As stated, other common causes of potential euvolemic hypoosmolality, hypothyroidism and hypocortisolism, were excluded.
It is also essential not to neglect that the patient was taking sertraline, an antidepressant that belongs to selective serotonin reuptake inhibitors (SSRIs) which are also known to cause SIADH (25, 26). However, in this case, it is unlikely for sertraline to cause acute hyponatremia since the patient has been taking it for multiple years without recent dosage changes. On the other hand, sertraline is metabolized by human cytochrome P450 (CYP) isoforms, the same as ciprofloxacin. However, ciprofloxacin is mainly metabolized by CYP1A2 and is an inhibitor of that enzyme, while sertraline is metabolized by many CYP isoforms (4, 27). Sertraline concentration is mainly affected by CYP2C8/9 and CYP2C19 inhibition. Studies have shown only minimal effect (if any) of CYP1A2 inhibition on sertraline serum concentrations (27). Therefore, ciprofloxacin use should not precipitate the rising of sertraline serum concentrations. All of the stated still advocates reported SIADH being caused by ciprofloxacin intake.
The effect of ciprofloxacin on ADH secretion could be mediated by involving GABA (γ-aminobutyric acid) receptors. It has been reported that the activation of GABAergic inputs inhibits ADH-secreting neurons (28, 29). Additionally, it has recently been described that fluoroquinolones inhibit GABA receptors in the central nervous system through direct pharmacological activity (30). Since ciprofloxacin is an antibiotic that crosses the blood-brain barrier, SIADH could be caused by the proposed mechanism (4).

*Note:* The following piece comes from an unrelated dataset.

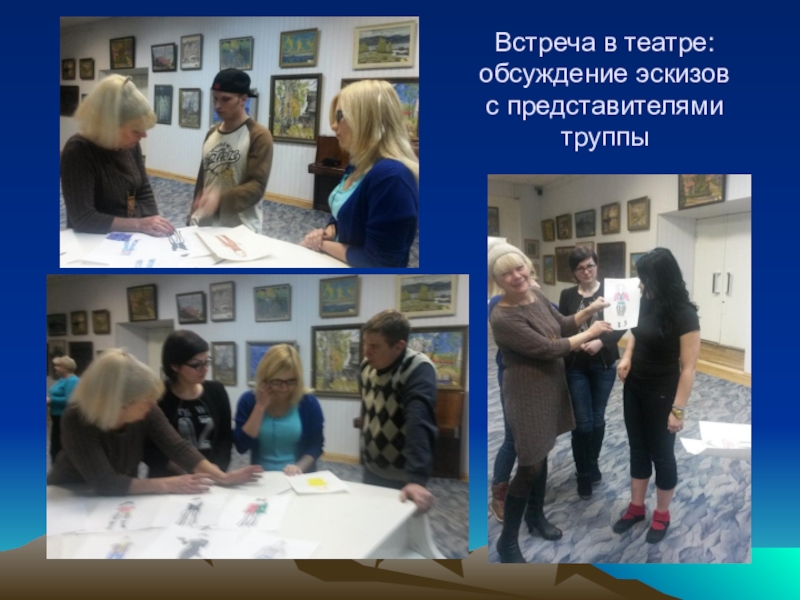 Слайд 14Встреча в театре: обсуждение эскизов с представителями труппы

Considering all the previously reported cases of SIADH caused by ciprofloxacin, including this one, the duration of exposure to ciprofloxacin before developing SIADH symptoms varies between two to five days (7-9). This adverse reaction is typically observed in elderly individuals over 65 years of age (ranging from 67 to 84 years of age), as it has also been reported with other antimicrobials (31). Caution is necessary when prescribing medication to the elderly due to age-related physiological changes affecting the pharmacologic profile. Therefore, elderly patients should receive comprehensive information regarding the risk of adverse effects development, which remains low, but higher than in younger individuals. All of the reported cases had met every one of the essential criteria and some of the supplemental criteria for SIADH (3, 7-9).

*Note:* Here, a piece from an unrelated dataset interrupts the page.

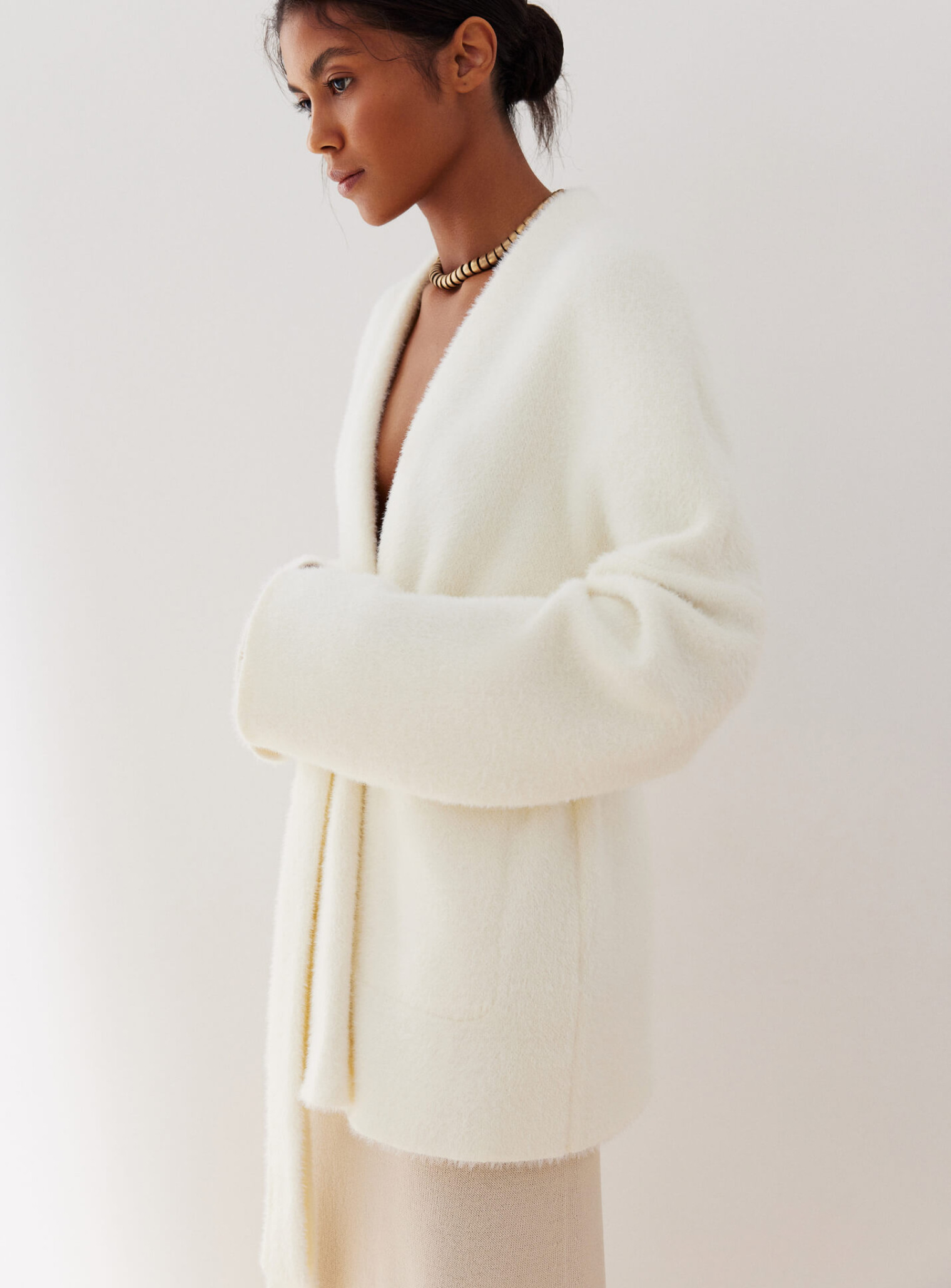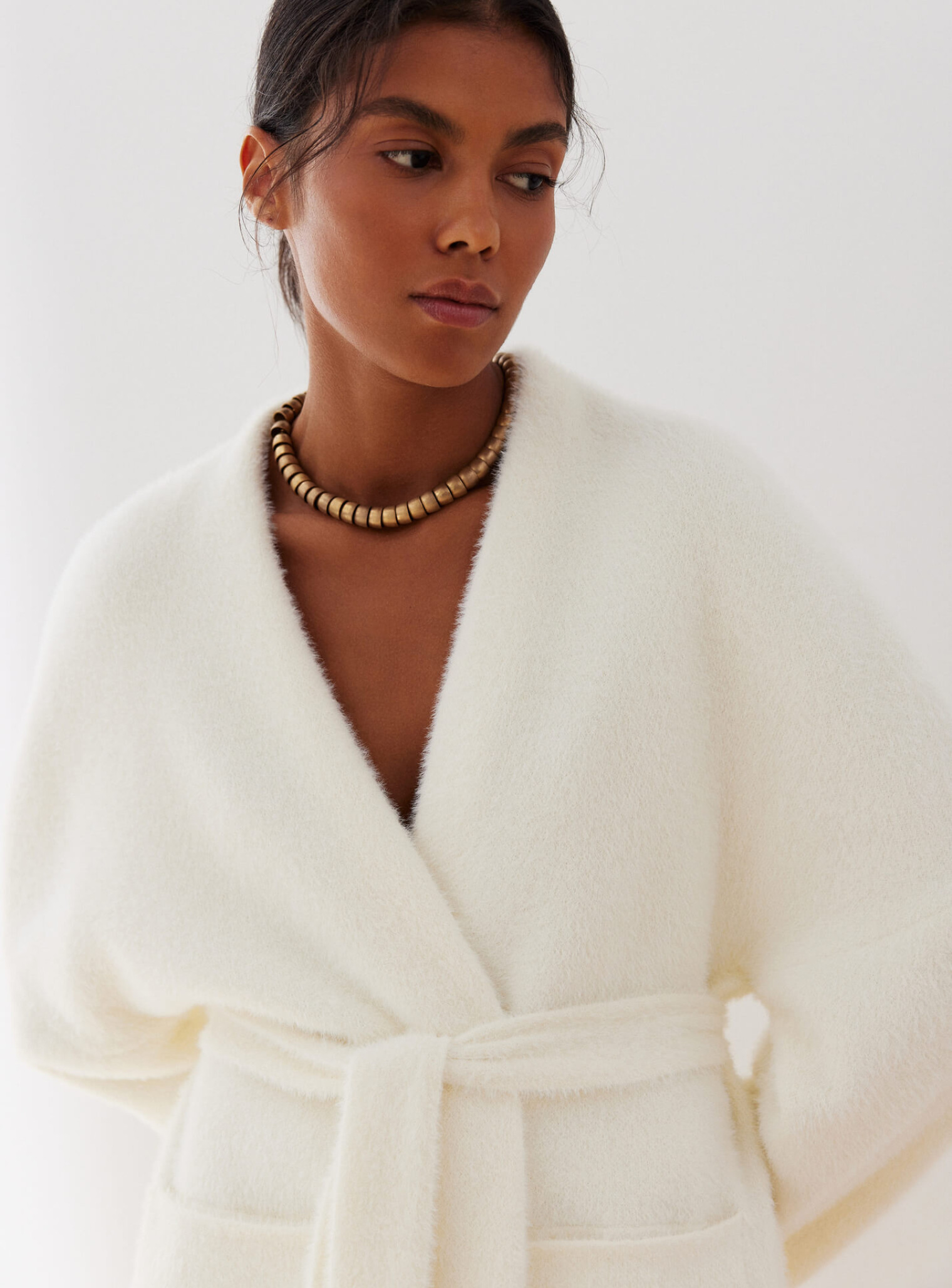 "Эмбер" Женский пушистый молочный кардиган с карманами и поясом

Comparing the severity of clinical manifestation with other reported cases of ciprofloxacin-caused SIADH, the observed patient had mild to moderate hyponatremia, while other described patients had severe hyponatremia (serum concentrations of sodium 114 mmol/L or less), presenting with bradyphrenia, seizures, and/or coma (7-9). The motive for usually reporting only more severe cases could be that mild to moderate hyponatremia is easily overlooked as a reason for further investigation due to its tendency to resolve in the clinical course of the disease. Hence, this case is presented in order to draw the attention of clinicians in recognizing ciprofloxacin as a possible causative agent of even mild hyponatremia.
In conclusion, with this case report we want to emphasize the importance of adverse drug reactions in everyday clinical work, as they are often neglected. Fluoroquinolones, as a group of antimicrobials that are potent against many infective agents, are widely used. Therefore, special attention should be given to considering the adverse effects of this medication group.